Les maisons au long cour

La maison est le plus souvent la marque de l’histoire de la famille. Construite par les parents ou les grands-parents, elle a permis aux générations de se succéder dans un univers que, bien souvent, ils se partageaient.

‘« Ce fut un grand choc pour tout le monde. C’était notre maison bâtie par nos parents, par leur travail. Mon père et ma mère l’ont bâtie. Ils ont acheté le terrain en 1933 et en 1935 la maison était finie. Nous étions à côté de mes grands-parents et c’est pour cela qu’ils se sont établis là (...) Toute la famille a habité là. Mon père est mort en 1946 et je suis restée avec ma mère. Ma mère s’est remariée et moi je me suis mariée. J’ai eu deux enfants et nous habitions tous là » (Antigona)’

En Roumanie, l’unité familiale est entendue de manière élargie, les grands-parents, les parents et les enfants vivent souvent sous le même toit. Cette organisation collective s’intitule la maisnie : ‘« La maisnie comprend le groupe domestique (qui chez les Roumains est composé d’un ménage et des enfants, parfois aussi des vieux parents du mari), la cour avec la maison et les alternances, la propriété agricole (...) Ainsi si les départements se composent de villages, les villages se composent à leur tour de maisnies et non pas d’individus ou de familles’ »230. Bien que cette appellation est utilisée pour expliquer l’organisation des villages roumains, il n’en demeure pas moins, qu’en milieu urbain et si les conditions le permettent, l’organisation familiale est en plusieurs points similaire. Mais ici ce ne sont pas les fruits de la production agricole mais les revenus issus du travail qui sont mis en commun.

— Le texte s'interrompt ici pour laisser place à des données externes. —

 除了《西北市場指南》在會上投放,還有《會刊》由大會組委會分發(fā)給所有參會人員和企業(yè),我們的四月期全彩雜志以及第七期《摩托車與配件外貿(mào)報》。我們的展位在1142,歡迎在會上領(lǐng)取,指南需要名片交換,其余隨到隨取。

‘« Elle avait été construite par mes anciens grands-parents en 1890 et quelques. C’était une grande maison avec une grande cour. Elle a abrité trois générations de ma famille. A l’époque de la génération de ma grand-mère, c’était une grande famille. Ils étaient dix frères et soeurs très unis, alors cet endroit là était la maison construite par le coeur de la famille. Pour les mariages, c’était l’endroit où tout le monde avait l’habitude de se réunir » (Ioana).’

La maison est tout à la fois le cadre d’un temps familial synchronique lorsque plusieurs générations se partagent le même toit, mais elle est aussi la marque d’une histoire familiale diachronique en tant qu’élément du patrimoine familial qui se transmet de génération en génération :

‘« C’était la maison de mes parents. Ils l’on faite bâtir en 1940 dans un style cubiste, moderne. Mon père est mort, puis ma mère et moi j’ai gardé la maison. J’ai d’abord voulu la vendre mais je n’ai pas réussi. Alors je me suis dit que j’allais l’arranger. J’ai dépensé presque un demi million de lei pour la rénover. La maison était très moderne, très élégante et très bien bâtie » (Alina).’

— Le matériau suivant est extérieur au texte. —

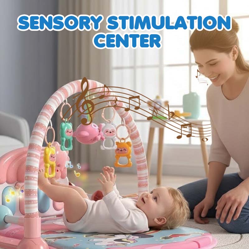 Килимът включва висящи играчки, светлини и звуци, които стимулират зрението, слуха и допира. Ускорява развитието на когнитивните и моторни умения в ранна възраст.

On comprend mieux dans cette situation ce que peut représenter la perte de la maison. En premier lieu la valeur affective, cette maison qui témoigne de la stabilité d’une organisation familiale et des conditions de sa réunion. Détruire, la maison c’est en quelque sorte détruire la maisnie, unité minimale d’organisation collective et cadre référentiel en Roumanie. Mais le processus de relogement ne prévoyait pas le déplacement ou la reconstitution de l’organisation dans un autre logement puisque les propositions de relogement ne prenaient en compte qu’une unité familiale restreinte composée des parents et des enfants à leur charge. Ceci constituait un problème d’ordre pratique puisque pour les démolis d’une même maison, il fallait essayer de se procurer deux, voire trois logements distincts.

‘« Nous, nous avions déménagés chez une tante, mais ma mère devait recevoir une garçonnière. On nous a proposé dans le quartier de Ferantar qui est un quartier misérable. J’avais l’occasion de connaître des chefs et ma mère a obtenu une garçonnière à Trumul Taberi. Ma mère aujourd’hui habite de nouveau avec nous » (Mr S.).’

Mais cela constituait plus un problème anthropologique car le nouveau système, de par ses contraintes, interdisait à la structure familiale de perdurer au-delà de la destruction. Le principe idéologique de création de « l’homme nouveau » se donne à voir ici dans sa mise en oeuvre réelle et quotidienne au détour d’un déménagement qui bien plus que le simple traumatisme qu’il provoque, signifie des transformations fondamentales dans le mode d’organisation de la société roumaine.

Notes
230.

Stahl P.H., « L’organisation magique du territoire villageois roumain » in L’homme, t.XIII, n°3, 1973, pp 150-162.